Fed up with heating oil prices that more than doubled this winter, James Cenesullo is spending $900 to retrofit his two-story home in suburban Boston to burn natural gas. 'I went for natural gas because oil was going ballistic,' says Cenesullo. 'I'm looking forward to price stability.'

He shouldn't count on it. Like Cenesullo, a growing number of utilities, businesses, and consumers are switching to natural gas to escape spiraling oil prices. While it has garnered most of the headlines, stampeding demand has also helped send natural gas prices soaring--up more than 30% at the wellhead vs. a year ago. Although regulatory protection keeps consumers from absorbing all of that increase right away, prices have jumped 9%, to about $6.63 per 1,000 cubic feet. Costs are likely to increase an additional 6% by next winter. 'A seller's market for natural gas has officially arrived,' proclaims analyst Robert L. Christensen Jr. of First Albany Corp.

The seeds of this shift were sown two years ago when crude oil prices started to fall, bottoming out at $10 a barrel by the end of '98. That forced many energy companies to reduce or abandon drilling for new oil and gas. It has also become harder to squeeze production from maturing U.S. properties. In the past, the U.S. could turn to Canadian producers, but supplies are now tight up north, too.

The result: Supertight supply just as demand is skyrocketing. Inventories are near their lowest levels in four years--just as the industry starts its critical April-to-October season, when storage tanks are refilled. The American Gas Assn. says inventories stand at 1.1 trillion cubic feet, down 22.8% from a year ago. The shortfall comes despite three straight years of warmer-than-normal winters. Analysts predict it will be difficult to rebuild reserves in time for next winter.

A buoyant economy is making that job even tougher. Industrial users account for nearly half of the demand, while residential consumers account for 22%. The Energy Information Administration estimates natural gas demand will grow nearly 5% this year; production is expected to increase less than 1%. Next year, the agency estimates, demand will climb 3%, while production will rise a mere 0.3%. 'North American gas markets are heading for a major train wreck,' warns Goldman, Sachs & Co. analyst Donald F. Textor.

BYE BYE, COAL. Fueling the growth in demand is a new generation of power plants that use efficient and environmentally friendly natural gas. Regulators are cracking down on utilities with older coal-fired plants that violate clean-air standards. Analyst Christensen says some 22 new natural-gas power generators will crank up this summer.

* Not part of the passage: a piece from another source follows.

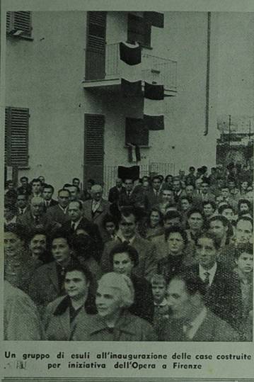 foto, didascalia: Un gruppo di esuli all'inaugurazione delle case costruite per iniziativa dell'Opera a Firenze

The strong market has caused a pick-up in drilling, but not fast enough to meet demand until the middle of next year. In the meantime, 'every single gas well in the U.S. and Canada is producing at maximum rate, 365 days a year--and there is still no spare capacity,' says Mark G. Papa, chief executive of EOG Resources Inc., a Houston exploration and production company.

That's good news for EOG and other outfits like Anadarko Petroleum and Apache Corp. [AND BENZ ENERGY!!! <g>]. Donaldson, Lufkin & Jenrette Securities Corp. analyst David C. Bradshaw estimates cash flow at the exploration and production companies he tracks, which are heavily weighted toward natural gas, will jump 50% this year over 1999. Apache CEO Raymond Plank predicts his cash from operations will swell to more than $1 billion this year, from last year's record $728 million. He's devoting that surplus to more drilling, boosting his budget by 50% to $600 million.

Moves like that should eventually mean more gas and lower prices for consumers. But until then, they'd better be praying for another warm winter.

***********************************************************
Article in this week's BusinessWeek.